══ Material to process ══
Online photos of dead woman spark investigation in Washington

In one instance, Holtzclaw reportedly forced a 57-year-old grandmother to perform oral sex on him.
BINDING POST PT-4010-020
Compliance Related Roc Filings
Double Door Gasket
═══
══ Material to process ══
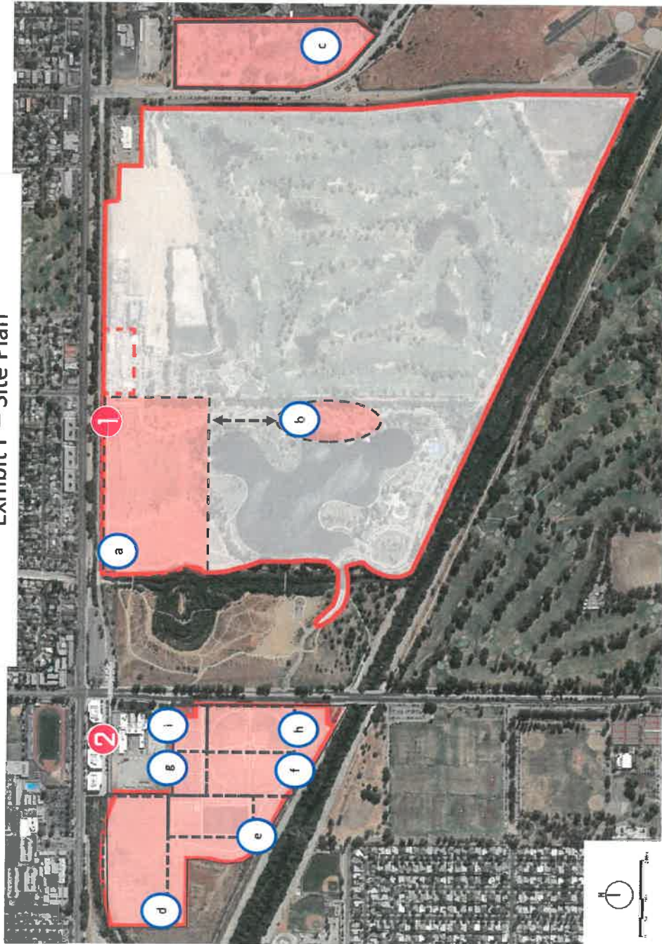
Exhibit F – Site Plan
═══
Task requirements: In the data above, retype exactly and only the lines between the one holding "In one instance, Holtzclaw" and the one holding "Double Door Gasket", inclusive.

Exercise result:
In one instance, Holtzclaw reportedly forced a 57-year-old grandmother to perform oral sex on him.
BINDING POST PT-4010-020
Compliance Related Roc Filings
Double Door Gasket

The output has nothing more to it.